The University of California medical system created a novel provider identification for the Athena Breast Health Network, so that insurers could pay for these services using a negotiated fee schedule separate from the fee schedule embedded in a payer’s standard contracts with the University of California provider systems. Insurers can identify specific CPT codes to use for services that would otherwise not be covered (if, as with Wisdom’s population-based genetic testing, the services are not customarily covered on a population level), such that beneficiaries will have those services covered. Removing a preauthorization requirement for these codes avoids the cost and administrative overhead associated with negotiating coverage for each test. Insurers can also identify codes that would adjudicate with no member liability, so that insured members would have no fees associated with participation. Blue Shield established a CED policy, with the proviso that clinical trials covered by CED were subject to a third-party review and must be implementable with minimal additional operating costs.
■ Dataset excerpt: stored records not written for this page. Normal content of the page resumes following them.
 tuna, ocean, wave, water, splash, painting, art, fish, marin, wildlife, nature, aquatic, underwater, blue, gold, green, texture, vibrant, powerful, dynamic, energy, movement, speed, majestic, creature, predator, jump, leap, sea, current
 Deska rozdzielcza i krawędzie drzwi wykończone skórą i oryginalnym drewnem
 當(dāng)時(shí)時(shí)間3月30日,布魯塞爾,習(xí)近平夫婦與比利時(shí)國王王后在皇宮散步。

Pre-approved (CED) services and their assigned billing codes are associated with the tax ID assigned to CHQI and submitted to the payers – thereby eliminating preauthorization issues and minimizing both systems’ friction and overhead. Athena was added to the Blue Shield system as a network provider through CHQI, and Athena billing claims could thus be submitted under a single unique provider ID. Blue Shield permits payment for the experimental codes only for the tax ID associated with CHQI. Trial-related services have been programmed to process at custom rates, and the unique tax ID facilitates detailed reporting on trial participation.
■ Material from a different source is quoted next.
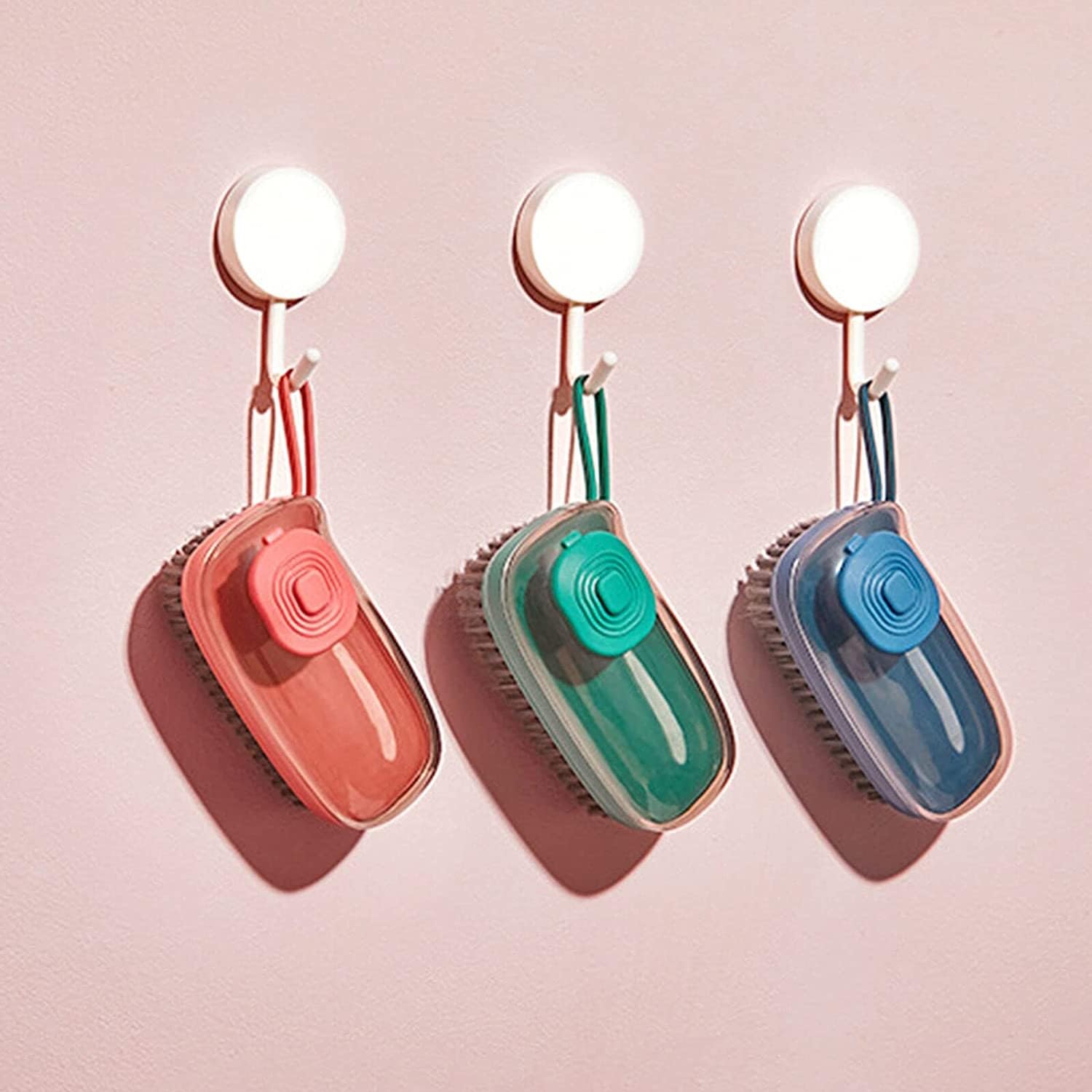 Felmico 3-in-1 Liquid Soap Dispensing Cleaning Brush – Plastic Kitchen Pot, Dish & Pan Scrubber with Soft Wool Bristles for Laundry, Shoes & Tile Cleaning (Multicolour, 1 Pc)

The pooling of clinical sites under a single tax ID may not be possible in every clinical trial, but it underscores the value of reducing administrative overhead. The identification of specific experimental codes associated with the relevant institutional tax IDs is a replicable model that facilitates the ability to refine the study and its risk model over time through an adaptive learning engine.
Coverage with Evidence Development (CED) is a promising solution to a continued problem in health care innovation: funding investigations of experimental services. As a result of the Wisdom experience, Blue Shield has established new standardized policies and evaluation criteria and procedures for the use of CED to support studies that evaluate experimental services that have potential to improve health care value. This is a promising development that, through the experience of Wisdom and additional studies, will gain greater use with private payers to address a critical funding gap for comparative effectiveness studies.
The authors thank Dr. Lisa Latts for her leadership on the coverage with evidence approach and her work with the entire team to bring this effort to fruition.